KNNポール神田です。
提灯記事とは、Wikipediaによると、
提灯記事(ちょうちんきじ)とは、その記事元の団体・企業或いは個人を持ち上げるために書かれた雑誌・新聞などの記事に対する呼称。有力な者に媚びへつらう者に対する「提灯持ち」という蔑称に由来する。厳密には広告ではないが、記事の対象となる相手に対する批判・攻撃などはないか、あったとしても相手を立てるように書かれる。広告であることを明示する記事広告とは一応区別されるが、裏で複雑な取引が絡んでいるケースもあり、境界があいまいになることもある。
特に商品・サービスの紹介がコンテンツの柱となるメディアでは、広告収入の比率が多い上に企業からのいち早い情報入手が不可欠であるため、読者の購買意欲を掻き立て企業の売上げに貢献する(少なくとも不利益を与えない)スタイルの記事が大半となる。
一般報道においても、取材活動が特定の者の情報リークに大きく依存する習慣ができてしまうと、情報提供者に都合のいい報道しかなされなくなることがある。日本では犯罪報道が警察や検察からの情報提供に一方的に依存していることの弊害が指摘される。

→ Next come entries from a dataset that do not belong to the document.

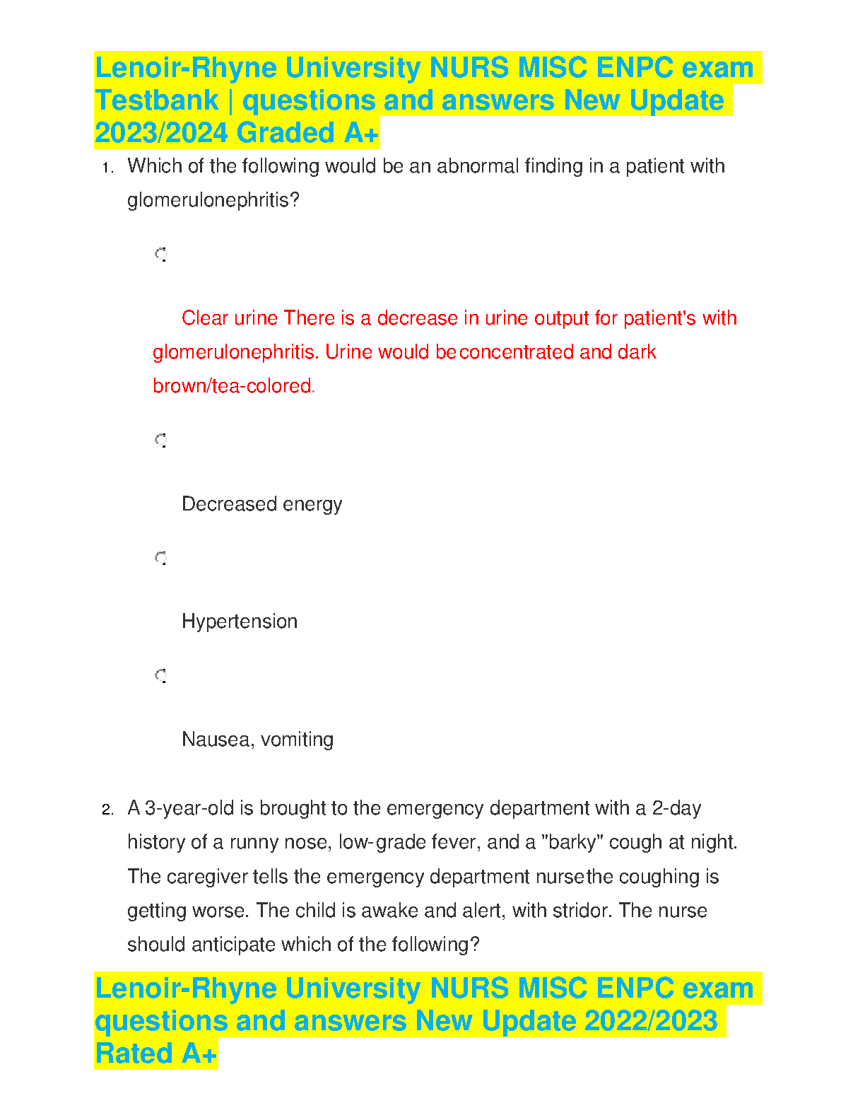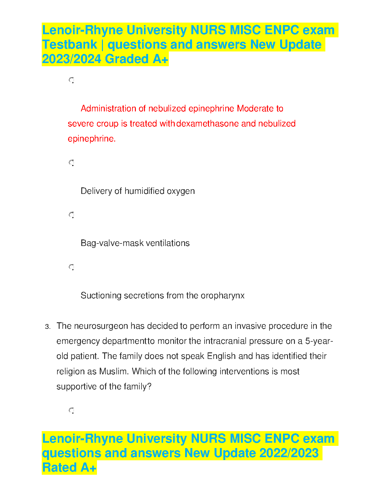 Lenoir-Rhyne University NURS MISC ENPC Exam Testbank Questions and Answers New Update 2023/2024 Graded A+
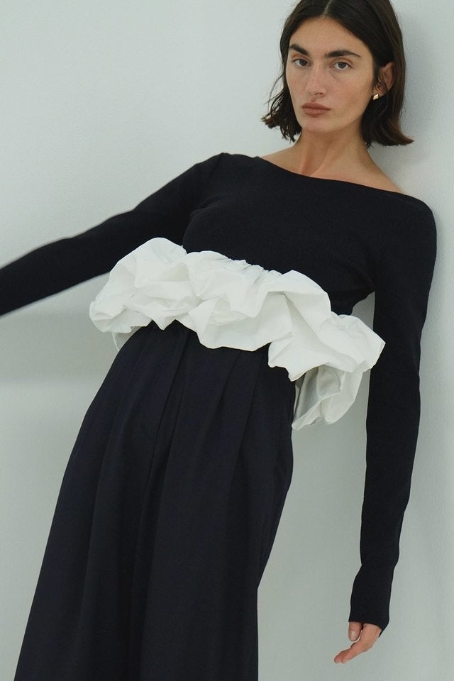構築的な袖に仕上げたレディーライクなシルエットがポイントのデザインシャツ。横に切り替えを入れ、2枚仕立てで仕上げる事でボリューム感のある袖に仕上げました。
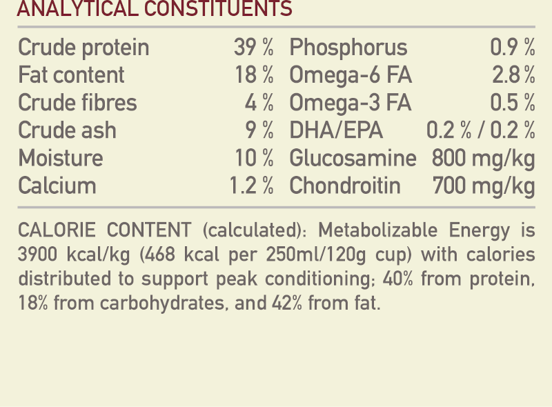 Crude protein 39%, Fat content 18%, Crude ash 9%, Crude fibres 4%, Moisture 12%, Calcium 1.4%, Phosphorus 1.1%, Omega-6 FA 2.8%, Omega-3 FA 0.5%, DHA 0.2%, EPA 0.2%

そして、現在、ブログによる「提灯記事」が溢れ出している。
実際に、提灯記事斡旋業者によると、
【事例】
原稿料お支払い条件 | 【ブログのみ応募可】
■記事内容は、下記条件をすべて満たすようにしてください。 原稿料お支払い条件を満たしていない場合は、原稿料をお支払い致しません。 (1)HP(下記)を参考に、「この冬すごく売れている、話題のこだわり○○○の販売サイトを見つけた!」といった感じで、ご自分の言葉で200文字以上の紹介文を書いてください。 (2)「○○○」というワードから、リンクしてください。 ※記事内の途中に「○○○」というワードを必ず一度はご使用頂き、その際ワードが下記のURLに必ずリンクするようにしてください。 <URL> (3)「○○○(提灯記事斡旋業者の会社名)」の文言の掲載は控えてください。 (4)書き込み期限は2006年12月25日までです! 書き込み期限後に記事をアップしていただいても、報酬はお支払いできません。 ※掲載報告の際は、ブログのトップページではなく、記事が直接見えるURLを申請してください。 |
---|---|
ウェブサイトのリンク |
記事中に下記のリンクタグを1箇所以上貼り付けてください。 |
といった内容だ。
問題は、どこにも、この記事が「提灯記事」であるということが明記されていない点。
問題は、(1)のブロガーが、経験も体験もしていないことを文言で200文字以上で「提灯記事」をねつ造せよと指示していることだ。これは、広告代理店のコピーライターに依頼すべきことでブロガーにたったの数百円で依頼することではない。
しかも、(2)のキーワードをリンクさせることによってのSEO効果を狙うというこれもまた「セコイ」技を強要している。しかもURLつきだ。
CGMが確かにメディアとして重要な位置づけになっていることを企業や広告業界に浸透しているのは大変うれしいことだ。しかし、自分のブログが単なる金儲
けのツールとして、「提灯記事」や「あさましBlog(アフリエイト)」だらけにするのはとてももったいない。本当に、自分がいいと思っている製品を真摯
な態度で伝えることのほうが広告よりももっと意味のあるCGMだからだ。
良心の呵責に耐えないブロガーは、文言のどこかに、「提灯ブログ」を示す言葉をEmbedできる仕組みが必要かもしれない。
斡旋業者も、そんな熱意あるCGMと企業を結びつけなければ、せっかくのCGMもあだ花で終わってしまうだろう。
ネットコミュニティは金銭だけで動くのではなく、「信頼」をベースに動いていることを理解しなくてはならない。